Je Young Tech is capable of extracting high-purity lithium from leftover lithium materials using heat. The company can extract lithium with a recovery rate of more than 85 percent as well as other valuable materials including manganese and nickel. Normally, discarded EV batteries are reused as energy storage in emergency generation facilities or energy storage systems (ESSs) that collect electricity generated by renewable energy sources.
LG Chem said in a statement that it will invest 24 billion won ($18.6 million) in Jae Young Tech to utilize its technology. "We will establish the cornerstone for entering the global battery recycling business through equity investments," LG Chem's management strategy division director Lee Sang-hyub said in a statement on December 21.

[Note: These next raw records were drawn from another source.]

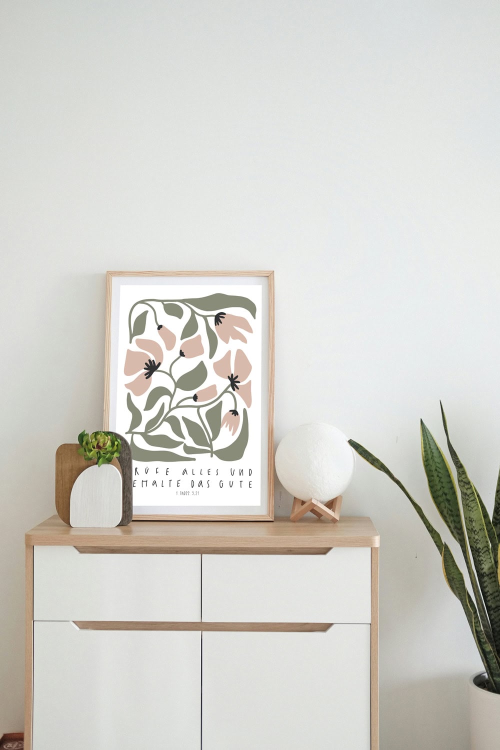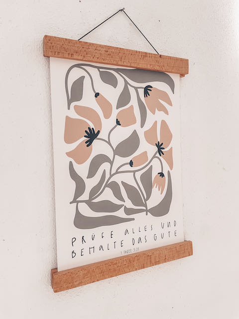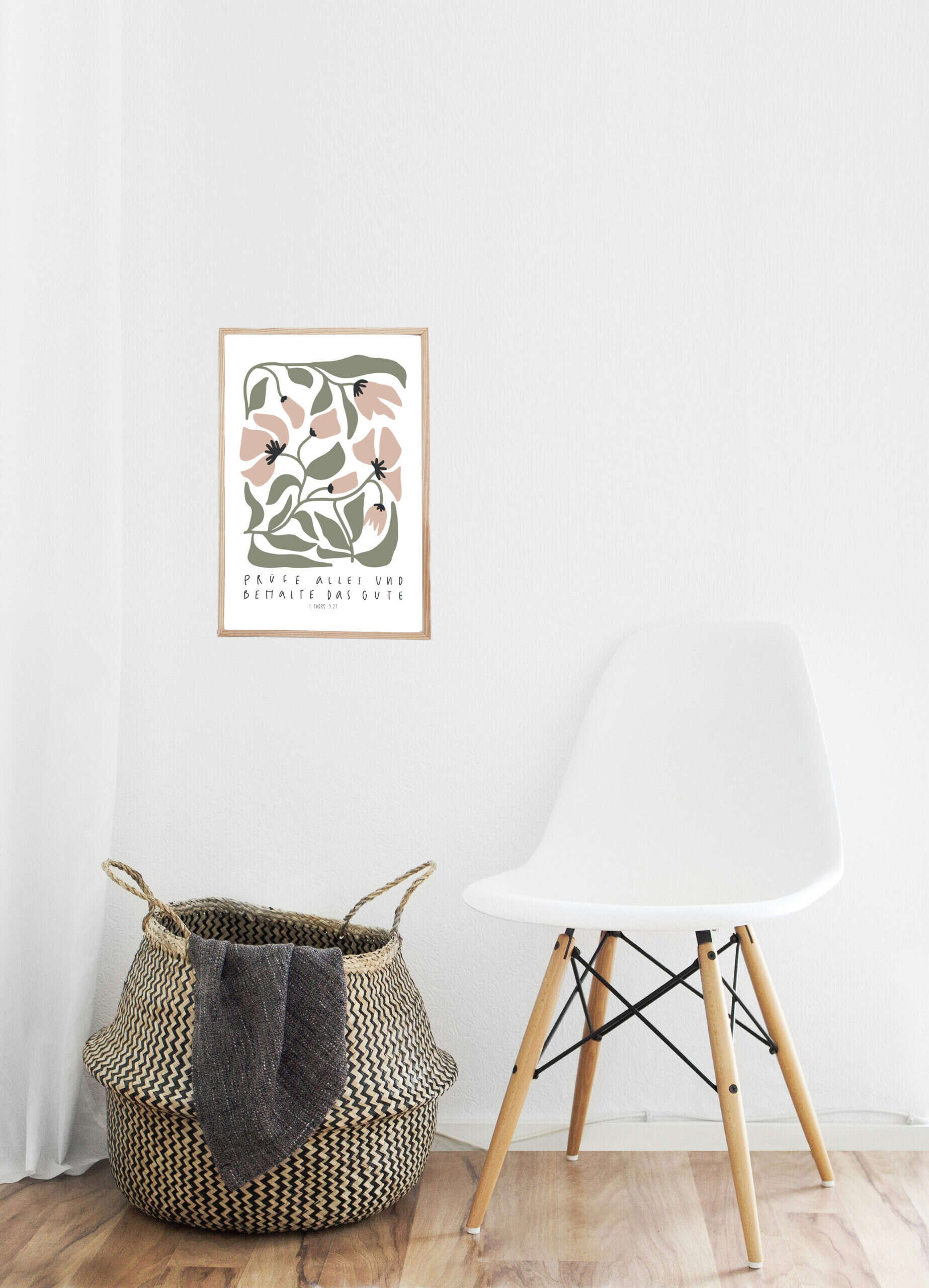 Poster zur Jahreslosung 2025 aus 1. These. 5,21. Prüfe alles und behalte das Gute! Das moderne Design in harmonischen Farben macht es zu einem stilvollen Blickfang in jedem Raum – sei es zu Hause, im Büro oder in den Gemeinderäumen. Ob für dich selbst oder als Geschenk: Dieses Poster erinnert dich täglich daran, auf das Wesentliche zu schauen und Gottes Gegenwart in deinem Leben zu suchen.
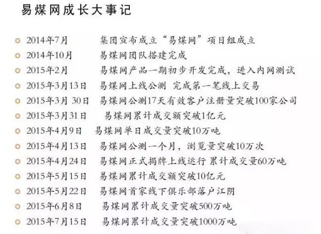 上線3個月來、易煤網(wǎng)累計成交量已經(jīng)突破1500萬噸,預(yù)計到年底達到3000萬噸。同時,他還認為、基于行業(yè)對互聯(lián)網(wǎng)認識的提高和自身服務(wù)能力的提高,5年內(nèi)易煤網(wǎng)年交易量將達到兩三億噸。
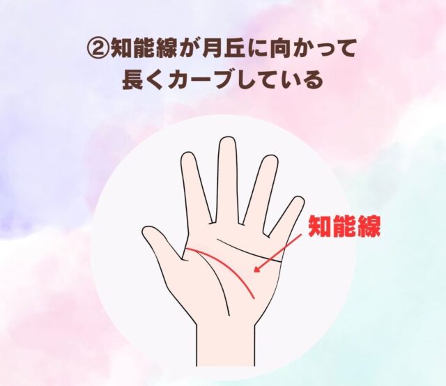 手のひらの横を走る知能線が、途中で大きくカーブして月丘の下部方向に深く下りている場合、豊かな想像力と独特な表現力があります。
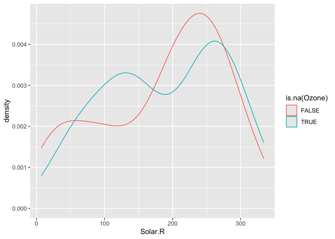 The above boxplots and density plots suggest that missing ozone is not strongly related to solar radiation levels.
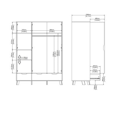 Tato prostorná skříň v bílo-dubovém provedení nabízí tři dveře, z nichž jedna je vybavena zrcadlem. Uvnitř najdete dvě nastavitelné a dvě pevné police a tyč na oblečení. Ve spodu skčíně jsou umístěny tři prostorné zásuvky. S rozměry 147x201x58 cm poskytuje dostatek úložného prostoru pro vaše oblečení a doplňky.
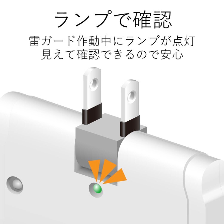 ●最大サージ電圧2500Vの高性能雷サージ吸収素子(バリスタ)を内蔵していますので、雷によるパソコンやAV機器などの電子機器への被害防止に有効です。(最大サージ電圧2500VはIEC61000-4-5規格に基づく数値です)
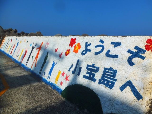 8:20、小宝島に到着。おなじみのウェルカムアート。色使いが華やかでかわいらしい雰囲気です。

"We will gain a competitive edge through distinguished technologies and take the lead in building a circulating economy in the future," said Lee. LG Chem has tried hard to build its competitive advantage in the global battery recycling market projected to reach about $24.57 billion in 2027. In December 2021, the company partnered with LG Energy Solution, the battery-making wing of LG, and invested 60 billion won in Li-Cycle, a Canada-based battery recycling company.